**Your task:** The output is the lines below from the one with "كرمت مدارس التربية" through the one with "Fig. 2. Design", both included, printed exactly and with no other line.

**Study material:**
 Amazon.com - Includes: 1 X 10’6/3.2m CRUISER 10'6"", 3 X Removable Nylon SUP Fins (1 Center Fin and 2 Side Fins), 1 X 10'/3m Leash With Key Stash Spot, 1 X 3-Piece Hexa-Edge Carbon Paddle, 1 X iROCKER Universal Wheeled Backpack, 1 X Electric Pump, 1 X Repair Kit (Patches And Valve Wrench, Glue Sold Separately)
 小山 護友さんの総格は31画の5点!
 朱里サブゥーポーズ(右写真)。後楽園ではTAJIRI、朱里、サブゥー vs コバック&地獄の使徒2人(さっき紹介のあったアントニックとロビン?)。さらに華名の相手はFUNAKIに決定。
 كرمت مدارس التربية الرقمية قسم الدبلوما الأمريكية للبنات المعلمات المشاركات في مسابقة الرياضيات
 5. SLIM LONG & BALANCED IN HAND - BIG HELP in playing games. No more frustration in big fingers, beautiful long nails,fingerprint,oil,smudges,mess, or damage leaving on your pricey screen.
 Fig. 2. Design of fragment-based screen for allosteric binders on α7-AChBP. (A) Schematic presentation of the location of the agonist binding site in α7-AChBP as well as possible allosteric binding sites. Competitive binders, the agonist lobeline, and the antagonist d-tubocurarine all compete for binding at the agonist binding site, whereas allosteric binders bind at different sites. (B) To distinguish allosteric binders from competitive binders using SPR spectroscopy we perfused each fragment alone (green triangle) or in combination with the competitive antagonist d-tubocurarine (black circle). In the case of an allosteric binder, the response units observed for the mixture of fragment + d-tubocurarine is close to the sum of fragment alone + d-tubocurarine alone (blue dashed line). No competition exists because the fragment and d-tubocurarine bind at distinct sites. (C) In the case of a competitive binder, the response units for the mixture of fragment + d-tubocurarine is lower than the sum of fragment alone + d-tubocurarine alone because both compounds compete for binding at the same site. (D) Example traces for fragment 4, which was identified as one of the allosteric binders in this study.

==

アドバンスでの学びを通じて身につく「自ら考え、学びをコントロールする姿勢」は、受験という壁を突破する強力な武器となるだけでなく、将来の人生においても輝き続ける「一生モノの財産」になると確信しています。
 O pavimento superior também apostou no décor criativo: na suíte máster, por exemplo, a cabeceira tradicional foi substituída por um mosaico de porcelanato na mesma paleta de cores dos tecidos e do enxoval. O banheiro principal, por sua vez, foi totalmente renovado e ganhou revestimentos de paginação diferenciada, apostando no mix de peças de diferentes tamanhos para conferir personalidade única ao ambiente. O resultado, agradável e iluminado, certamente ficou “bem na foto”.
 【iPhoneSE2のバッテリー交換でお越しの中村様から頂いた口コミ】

* * *

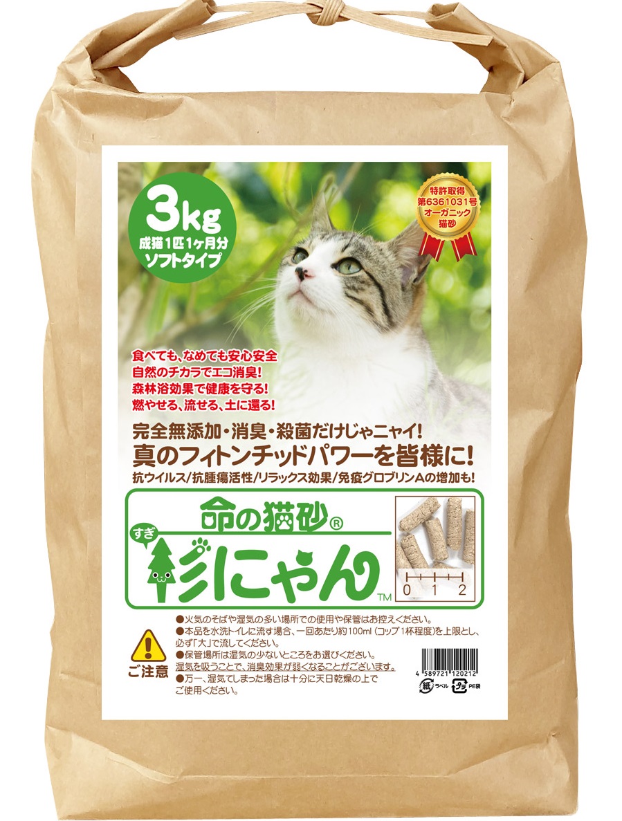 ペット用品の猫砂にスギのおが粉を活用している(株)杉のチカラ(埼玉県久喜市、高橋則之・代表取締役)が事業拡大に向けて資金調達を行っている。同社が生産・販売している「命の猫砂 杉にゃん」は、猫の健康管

**Solution to the problem:**
 كرمت مدارس التربية الرقمية قسم الدبلوما الأمريكية للبنات المعلمات المشاركات في مسابقة الرياضيات
 5. SLIM LONG & BALANCED IN HAND - BIG HELP in playing games. No more frustration in big fingers, beautiful long nails,fingerprint,oil,smudges,mess, or damage leaving on your pricey screen.
 Fig. 2. Design of fragment-based screen for allosteric binders on α7-AChBP. (A) Schematic presentation of the location of the agonist binding site in α7-AChBP as well as possible allosteric binding sites. Competitive binders, the agonist lobeline, and the antagonist d-tubocurarine all compete for binding at the agonist binding site, whereas allosteric binders bind at different sites. (B) To distinguish allosteric binders from competitive binders using SPR spectroscopy we perfused each fragment alone (green triangle) or in combination with the competitive antagonist d-tubocurarine (black circle). In the case of an allosteric binder, the response units observed for the mixture of fragment + d-tubocurarine is close to the sum of fragment alone + d-tubocurarine alone (blue dashed line). No competition exists because the fragment and d-tubocurarine bind at distinct sites. (C) In the case of a competitive binder, the response units for the mixture of fragment + d-tubocurarine is lower than the sum of fragment alone + d-tubocurarine alone because both compounds compete for binding at the same site. (D) Example traces for fragment 4, which was identified as one of the allosteric binders in this study.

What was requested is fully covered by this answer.